- [Data supplied]

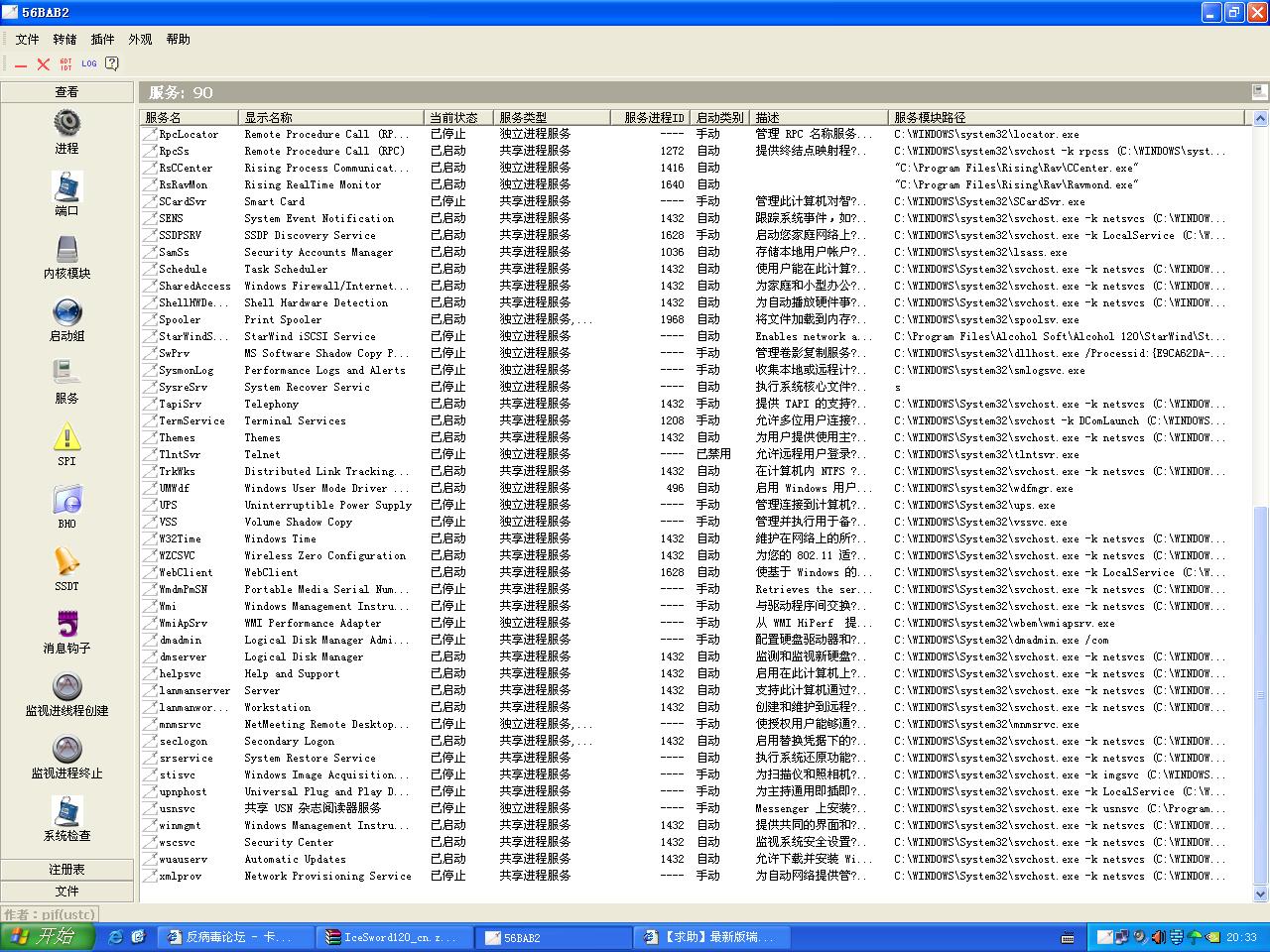 用IceSword120_cn检测服务发现sysresrv这个服务很可疑
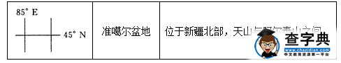 1.位置:80°E-90°E,42°N-50°N(85°E,45°N穿過盆地中部)。
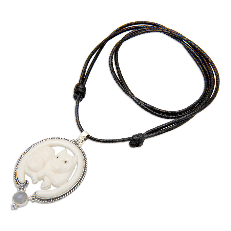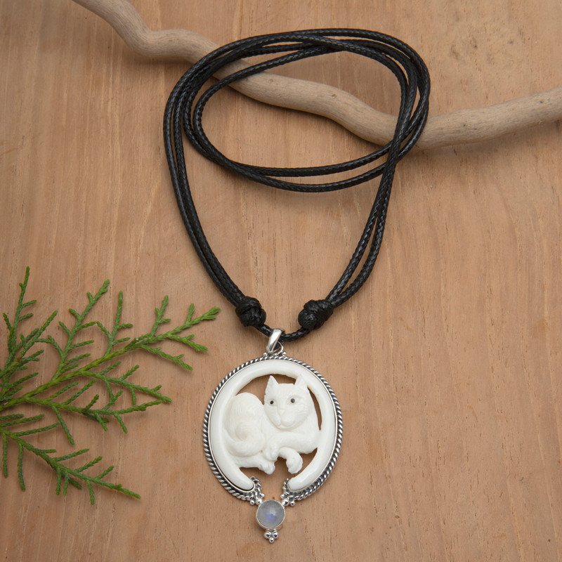 A comfortable black cotton cord with an adjustable length allows you to wear an exquisite design directly from the prosperous Balinese lands. Ayu Ary's necklace features a bone pendant portraying a little kitten, enhanced by a polished sterling silver structure. The feline, a symbol of intelligence, precedes a dangling natural rainbow moonstone, representing harmony.
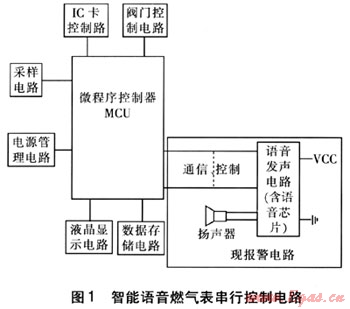 智能語音燃?xì)獗砜刂齐娐分饕呻娫垂芾黼娐?、采樣電路、液晶顯示電路、數(shù)據(jù)存儲(chǔ)電路、IC卡控制電路、閥門控制電路及報(bào)警電路組成MCU的外圍電路組成,這些電路由MCU進(jìn)行統(tǒng)一管理,協(xié)調(diào)各部分電路的工作。語音燃?xì)獗砭褪菍⒃瓐?bào)警電路部分去掉,用現(xiàn)報(bào)警電路替代,以實(shí)現(xiàn)語音報(bào)警功能。
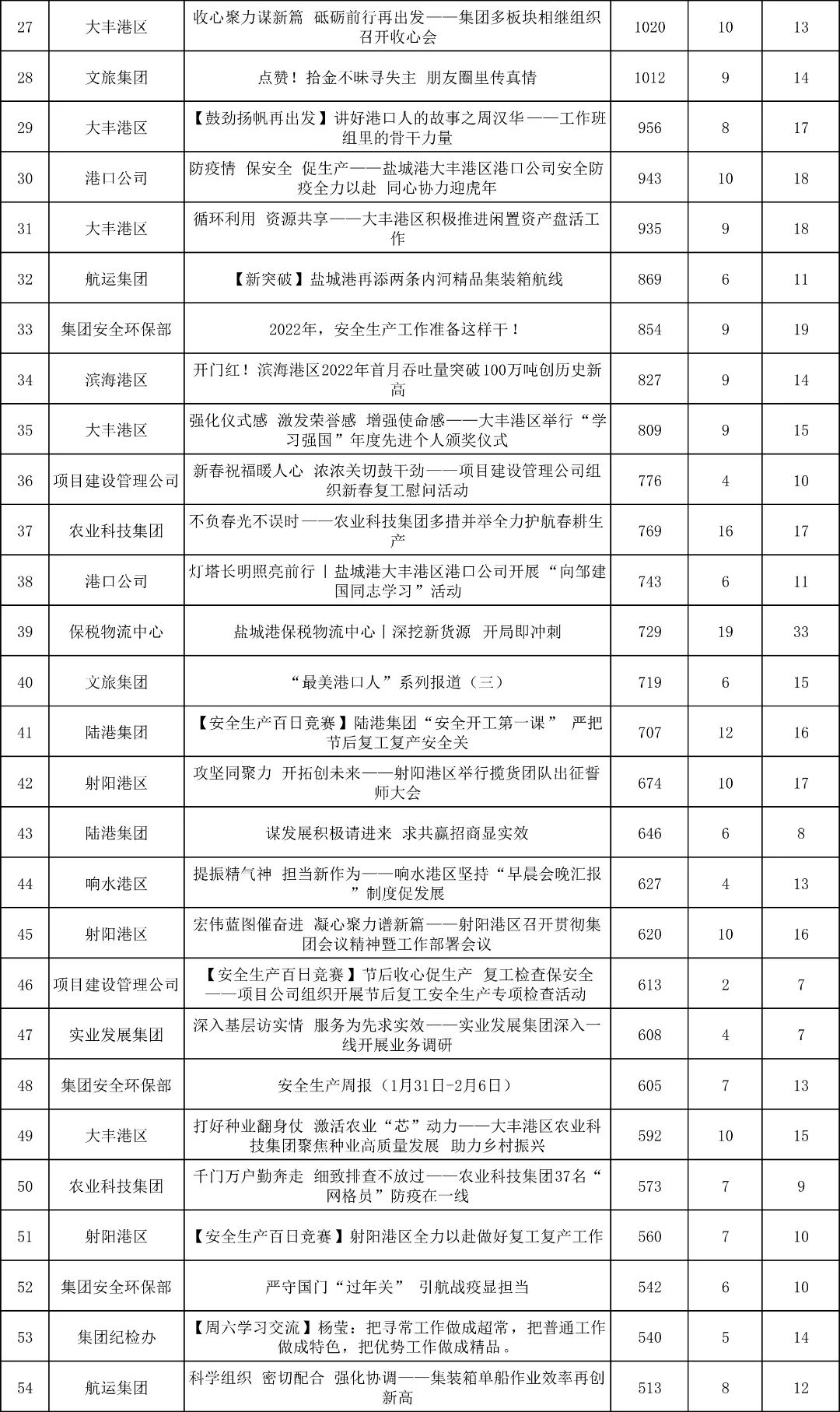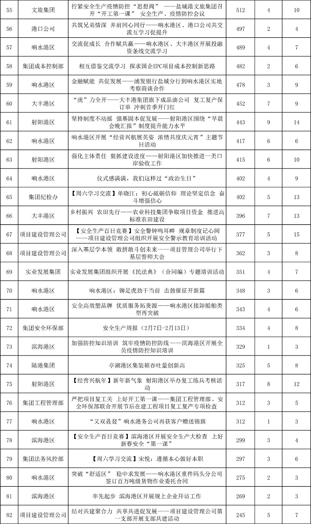 “首季開(kāi)門紅”向來(lái)是新聞報(bào)道的高產(chǎn)期,特別是一線生產(chǎn)單位亮點(diǎn)頻出。從二月份稿件數(shù)據(jù)統(tǒng)計(jì)來(lái)看,大豐港區(qū)依然蟬聯(lián)第一“寶座”,發(fā)稿18篇;港口公司繼續(xù)發(fā)力,成稿11篇,位列第二;響水港區(qū)緊隨其后,發(fā)稿9篇。其他單位齊齊發(fā)力,紛紛積極供稿!

- [Work order] Set down the records again verbatim, with no pictures.

- [Response below]
 用IceSword120_cn检测服务发现sysresrv这个服务很可疑
 1.位置:80°E-90°E,42°N-50°N(85°E,45°N穿過盆地中部)。
 A comfortable black cotton cord with an adjustable length allows you to wear an exquisite design directly from the prosperous Balinese lands. Ayu Ary's necklace features a bone pendant portraying a little kitten, enhanced by a polished sterling silver structure. The feline, a symbol of intelligence, precedes a dangling natural rainbow moonstone, representing harmony.
 智能語音燃?xì)獗砜刂齐娐分饕呻娫垂芾黼娐?、采樣電路、液晶顯示電路、數(shù)據(jù)存儲(chǔ)電路、IC卡控制電路、閥門控制電路及報(bào)警電路組成MCU的外圍電路組成,這些電路由MCU進(jìn)行統(tǒng)一管理,協(xié)調(diào)各部分電路的工作。語音燃?xì)獗砭褪菍⒃瓐?bào)警電路部分去掉,用現(xiàn)報(bào)警電路替代,以實(shí)現(xiàn)語音報(bào)警功能。
 “首季開(kāi)門紅”向來(lái)是新聞報(bào)道的高產(chǎn)期,特別是一線生產(chǎn)單位亮點(diǎn)頻出。從二月份稿件數(shù)據(jù)統(tǒng)計(jì)來(lái)看,大豐港區(qū)依然蟬聯(lián)第一“寶座”,發(fā)稿18篇;港口公司繼續(xù)發(fā)力,成稿11篇,位列第二;響水港區(qū)緊隨其后,發(fā)稿9篇。其他單位齊齊發(fā)力,紛紛積極供稿!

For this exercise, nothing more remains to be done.